What's true is that an array identifier evaluates to a pointer to the first array element in most contexts (this excludes e.g. the & and sizeof operators).

Now have a look at your array:

int a[3][4];

Here, a is a 3 elements array and the element type is int ()[4]. This directly explains why your first example doesn't work as expected. In your expression, a evaluates to a pointer to the first element, so the type is int (*)[4] and not just int * as you seem to expect. Therefore, a+1 would add 4 times the size of an int to the pointer value. With this explanation, you should also understand the warnings you're getting.

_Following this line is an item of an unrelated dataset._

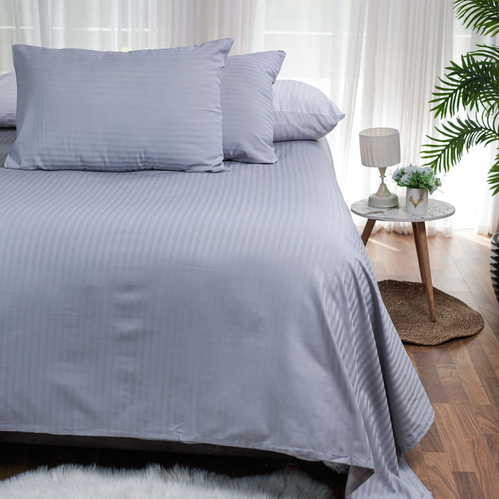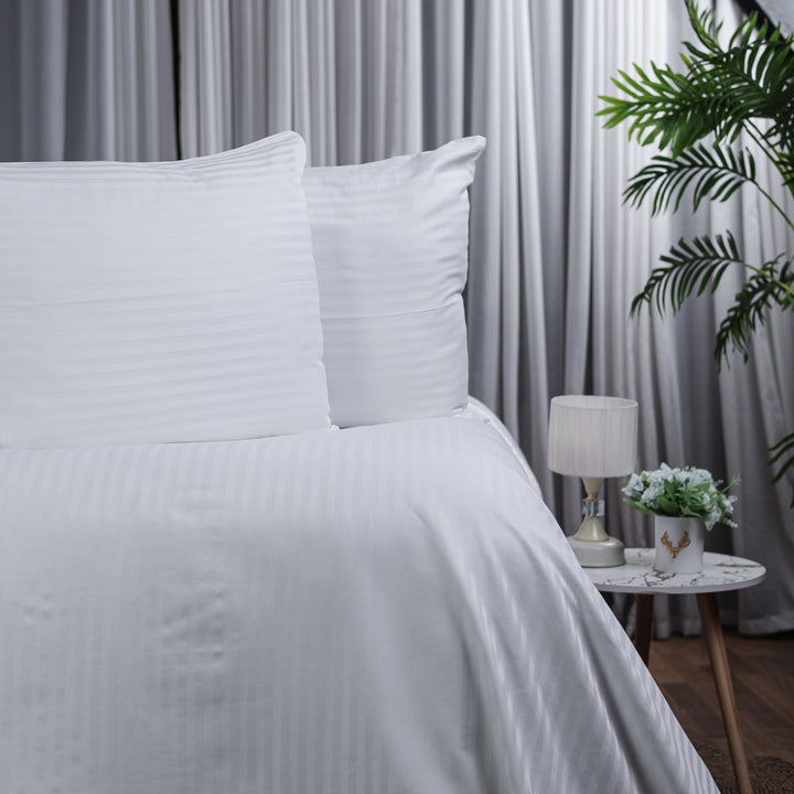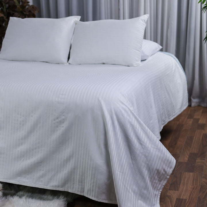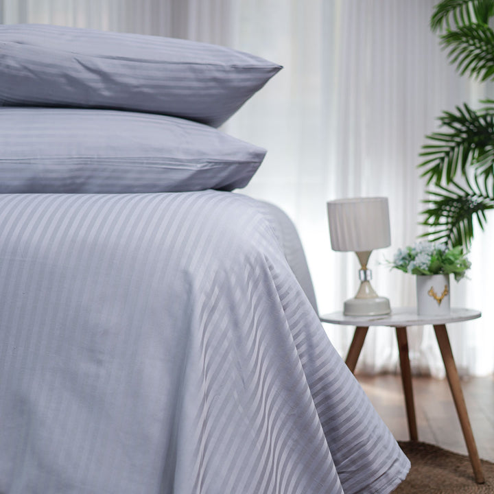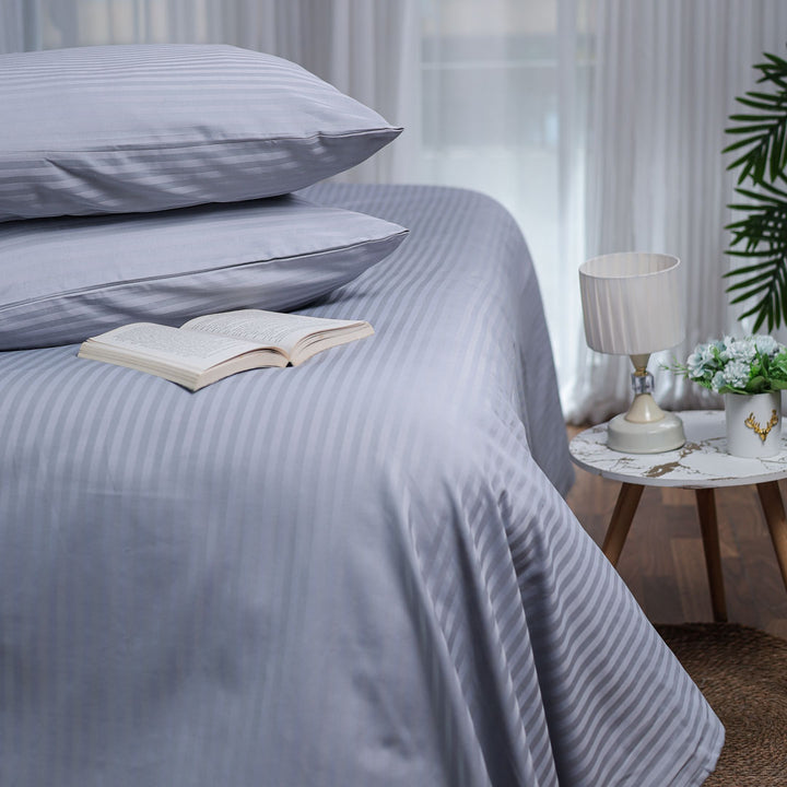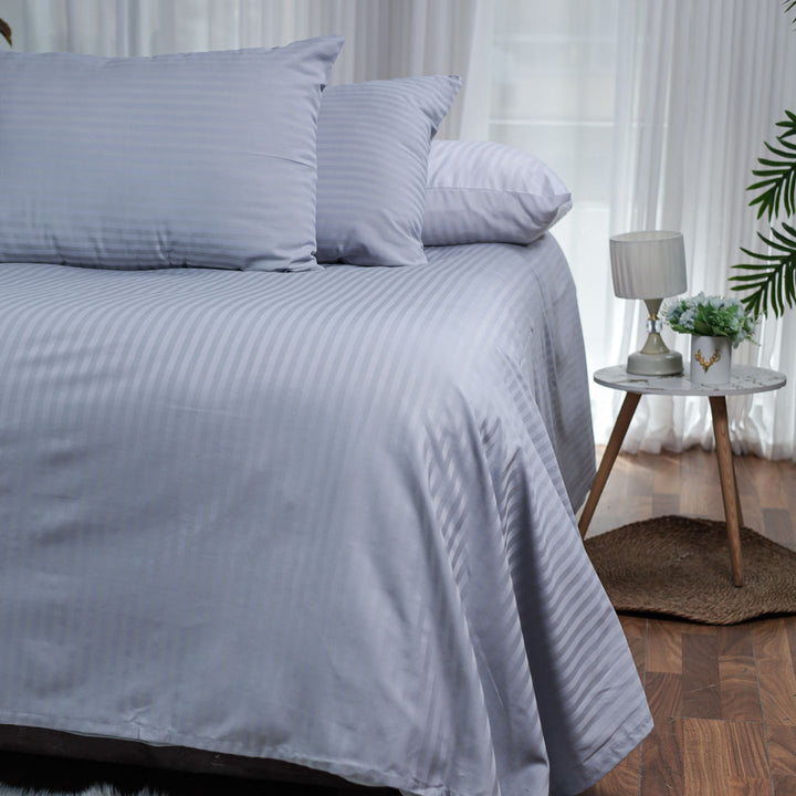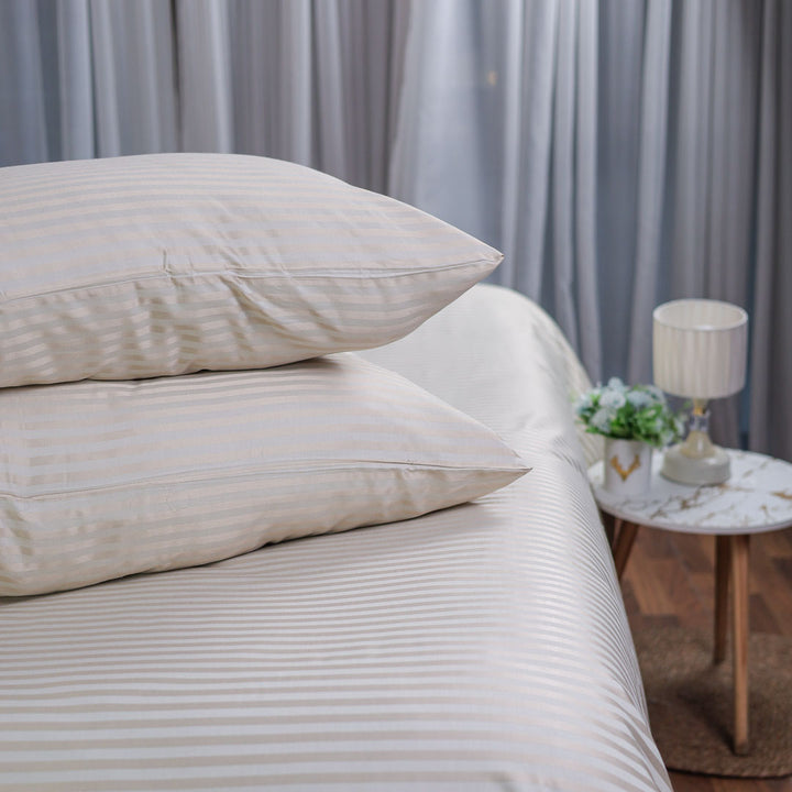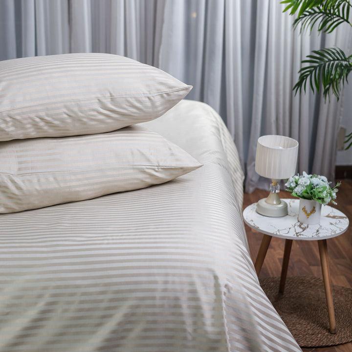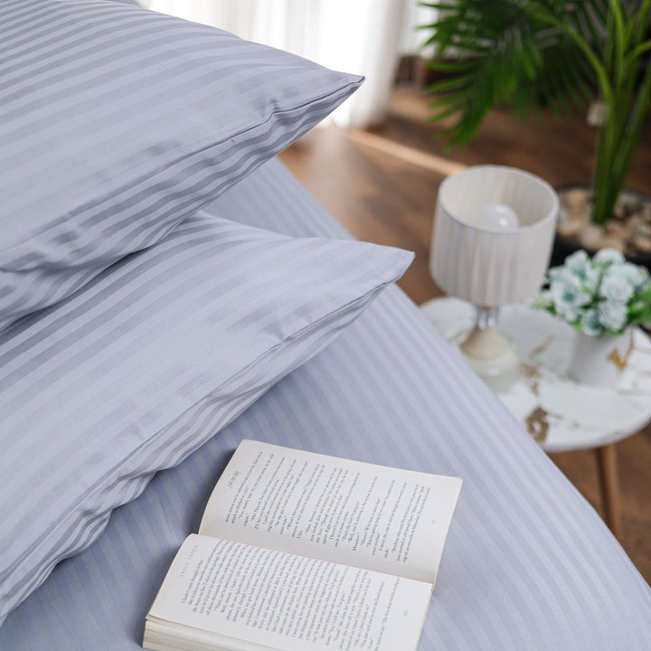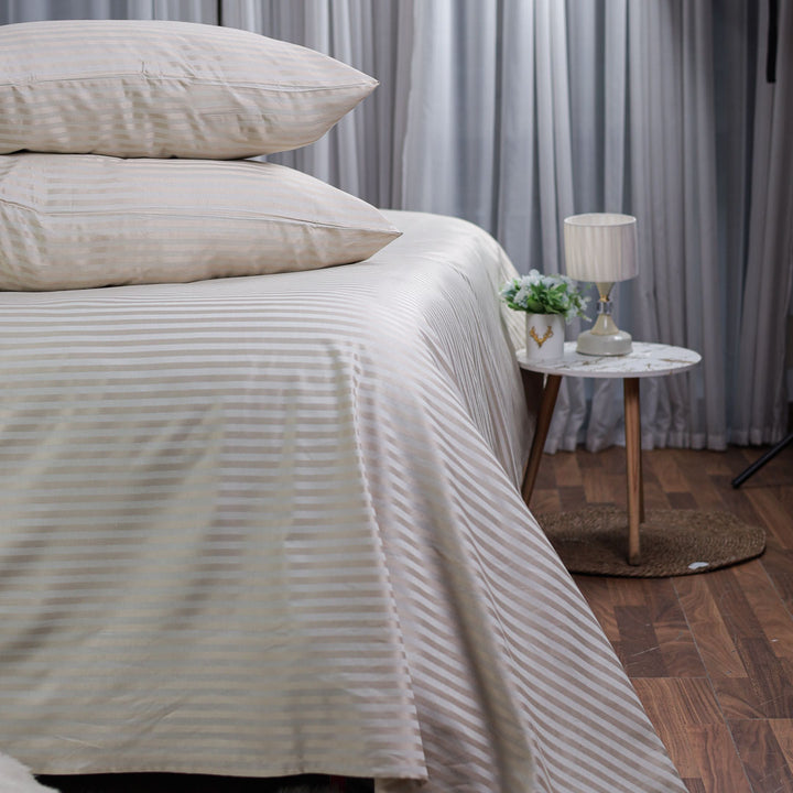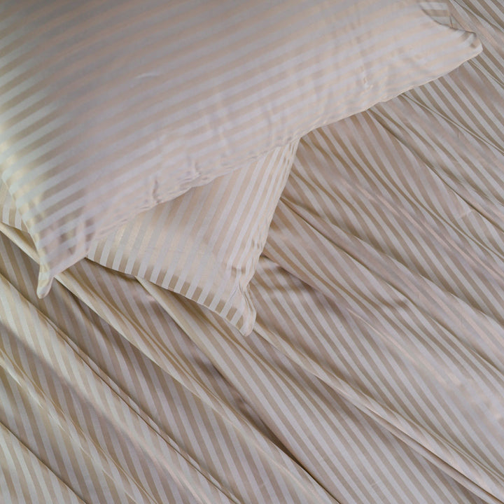 Fitted sheet with soft fabric and elegant stripe pattern, adding a modern look and a luxurious touch to your bed.

Also note that for the same reason, the second example is wrong. The added dereferencing operator makes the types used correct, but you're still accessing invalid locations as your pointer arithmetics still operate on int (*)[4]. Of course there's no guarantee to "fail", it's just undefined behavior.

The only correct version using a 2d-array is the third example:

(a+i) is a pointer to the i'th element of a, dereferencing it yields an array of type int ()[4] and this again evaluates to a pointer to its first element, so adding j to it gives you the location of your desired value.

The fourth example isn't a 2d array, it's a dynamic allocation used as a flat array, so it's not that interesting here. If you wanted to dynamically allocate a 2d-array, you'd have to write for example:

int (*a)[4] = malloc(3 * sizeof *a);

---

Re-visiting my first paragraph now: With int a[3][4], you have (void *)a == (void *)*a because the first element of a starts at the same location as the first element of a[0], only the types of a and *a differ. This wouldn't be possible if arrays and pointers were the same thing.

Answer 2

(a+4*i+j): compiler complains about type because a is not of type int *. You declared it as int a[3][4] which is commonly read as 2D array of ints of dimension 3x4. In real, a is an array of 3 arrays of 4 ints. Then a is the address of the first array of 4 ints. Remember that defining type v[N] defines v as the address of the first element of the array, and that a can decay to pointer to element type. Then in your case a decays to a pointer to array of 4 ints. This is why the compiler complains as %d needs a corresponding argument of type int *.

Even if the address could be correct, arithmetic on it is not what you think. a+3*i+j means the address of the 3*i+j-th array of 4 ints starting from address a.

You can force to decay to int *:

int *ta = (int *)a; // ta contains the same address but of different type...
int i=0,j=0,count=0;
for(i=0;i<3;i++){
    for(j=0;j<4;j++){
        scanf("%d",(ta+4*i+j)); // arithmetic is the right one (ints by ints)
    }
}
for(i=0;i<3;i++){
    for(j=0;j<4;j++){
        printf("%d\t",*(ta+4*i+j));
    }
}

This is the same for second example, arithmetic is the wrong one.

The third and fourth are correct. The third because you jump (with i) to the correct array and then jump in this one to the correct int.

The fourth is almost the same as the code I gave.

---EDIT---

As Felix said in comments, be careful that even if this work in many common architecture/OS/compiler there is a strict aliasing rule that prevents you doing so. Read the link he provided for more.